但这只是冰山一角。业内人士透露,在中国电影院尚未安装电脑系统,社交网站还没有让所有人都成为此类商业骗行的潜在报道者之前,这类事件要更加严重。事实上,部分电影投资者甚至根本不知道,其他人在分享他们的收入。电影监管机构、国家新闻出版广电总局电影局副局长毛羽说,"计划经济时代就出现了这种现象"。

但是,这已经从零散的现象,变成了规模巨大的骗局。违反规定的人甚至不会给团购观众发放电影票,在整场放映中基本不上报一分钱的收入。只有团购代表会与电影院直接打交道,所以如果他没有提出特殊要求,为每一位成员打印电影票,在电影院上报给发行方的收入报告中,是不会显示团购情况的。

在会费方面也会耍手腕,因为会费是提前收取的。会员的电影票上只显示在几号放映厅,放映方可以将电影票任意对应到别的影片上,或者根本不记录会员看过电影,这样他们就可以私吞所有的收入。

一些影院投资了单独的零售电脑系统,可以让购票者买到正确的电影票,同时不会让中央系统中显示任何数据。而另外一组可信的购买数据会被输入正确的系统中,但显示的上座率较低。

我了解到的发行商和放映方都认为如今的欺骗行为较从前,就是十几年前,收敛了很多;现在只有三、四线城市会出现这样的行为。中国最大的电影制作和发行公司中国电影集团同数家大型私人公司共同组建并领导了一个协会,雇佣1000人监督全国的影院。另一家国有电影公司华夏电影公司也拥有一支八百人的队伍。

但是,即使是这些精明的监督者也有力所不及的情况。例如,影院出售一张80元的电影票(热映电影的正常票价),同时赠送免费的爆米花。这时候,爆米花可能占去票价中的60元,而电影票只能占票价中的20元。电影院声称,双方商议的影片最低价格就是20元,因此影院没有违反任何规定。

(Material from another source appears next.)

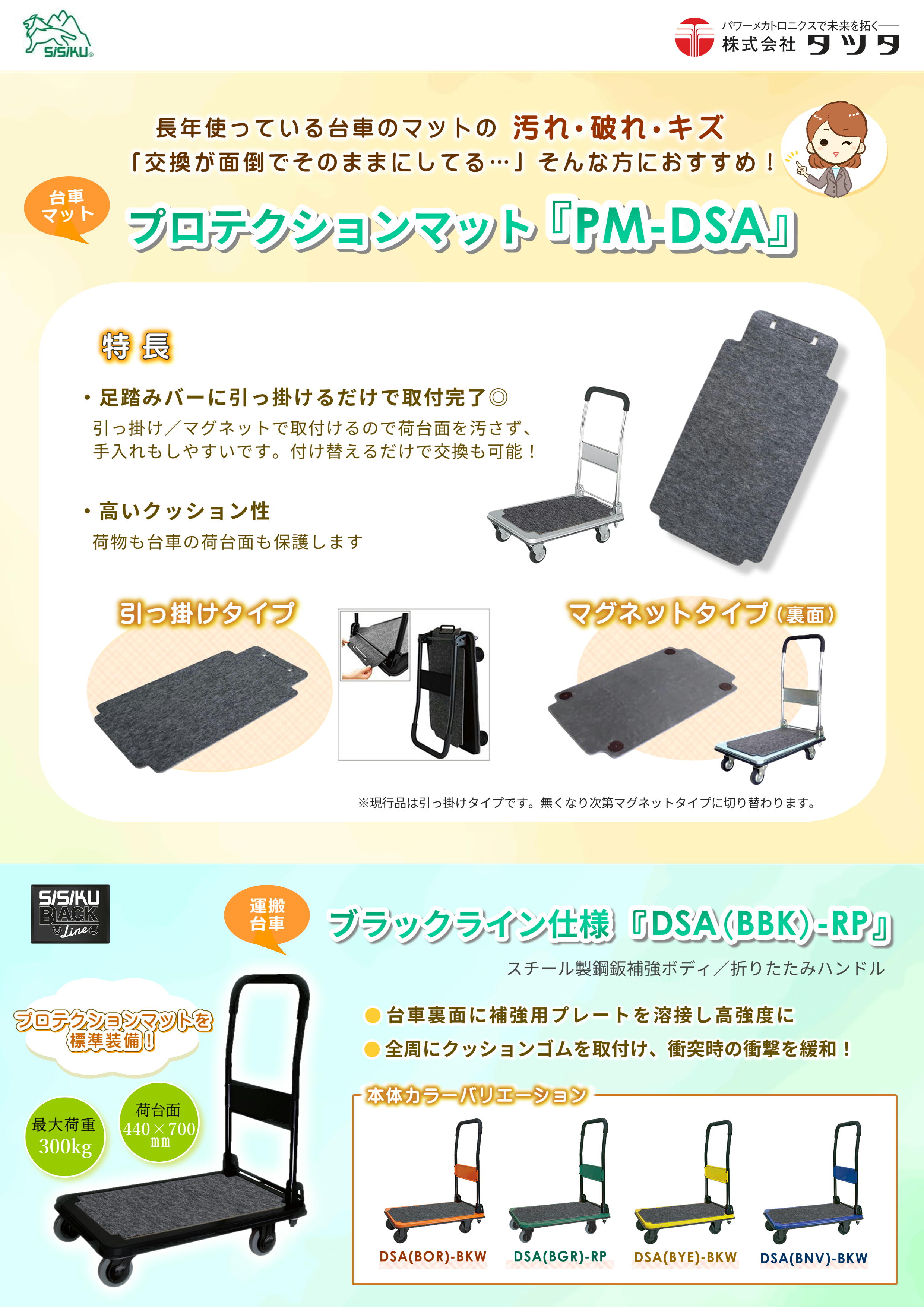 プロテクションマットPM-DSAはクッション性の高いマットで台車の荷台面の傷や汚れから保護します。引っ掛けタイプとマグネットタイプの2種類あり簡単に交換することができます。

《变形金刚3》同票房潜力很小的小制作电影《杨善洲》捆绑,让后者取得了令人震惊的票房收入(7900万元),但是这一数字同极少量的观影人数并不相符。这是一种类似的手段。虽然消费者不会为这样的捆绑交易多付钱,但网上还是有一些对这类行为的投诉。

作为监管机构,国家新闻出版广电总局一月底公布了治理虚报、谎报票房收入的办法。成立专门基金,补贴销售点电脑软件的升级。国家电影专资办主任姜涛表示,安装于2005年的现行系统“跟不上新情况”。

“新系统会修补漏洞,销售结束十分钟以后即结束上报窗口,而不再等到第二天中午”,延缓上报时间,会为弄虚作假留下空间。五月即将建成国家级平台,影院方面将于十月完成升级。

除了对所有销售系统进行管理,国家新闻出版广电总局坚持要求所有电影票显示正确的价格和入场费。但没有对违反规定的具体处罚措施。发行方和放映方承认,软件更新一定会提供很大帮助,但帮助可能不够。

“违反规定的代价还是太低了。如果被发现虚报了10次票价,只需要补上缺口即可,”乐视影业市场副总裁黄紫燕说。

华星UME影城的经理曹勇建议吊销违反规定的单位的营业执照。“电影院的投资上千万,这样严厉的惩罚,会让他们觉得为了8万、10万的票房受这样的惩罚划不来。”

还有人想到其他办法,如运用可以自动扫描影院放映厅上座率的红外摄像机。未来8到9年,将可以利用这项技术,据称这项技术的准确率为95%。但现在这项技术尚未得到使用。

电影制作方在受到损失时,不愿意太过严厉,因为他们不想得罪放映方,原因在于在商业链上放映方所处的环节直接接触终端用户。一些人说不再为这样的不规矩行为感到难过,而是开始失望。

这一次真的要采取行动,“我们要肃清行业中的这类非法,违规行为”,国家新闻出版广电总局电影局局长张宏森说。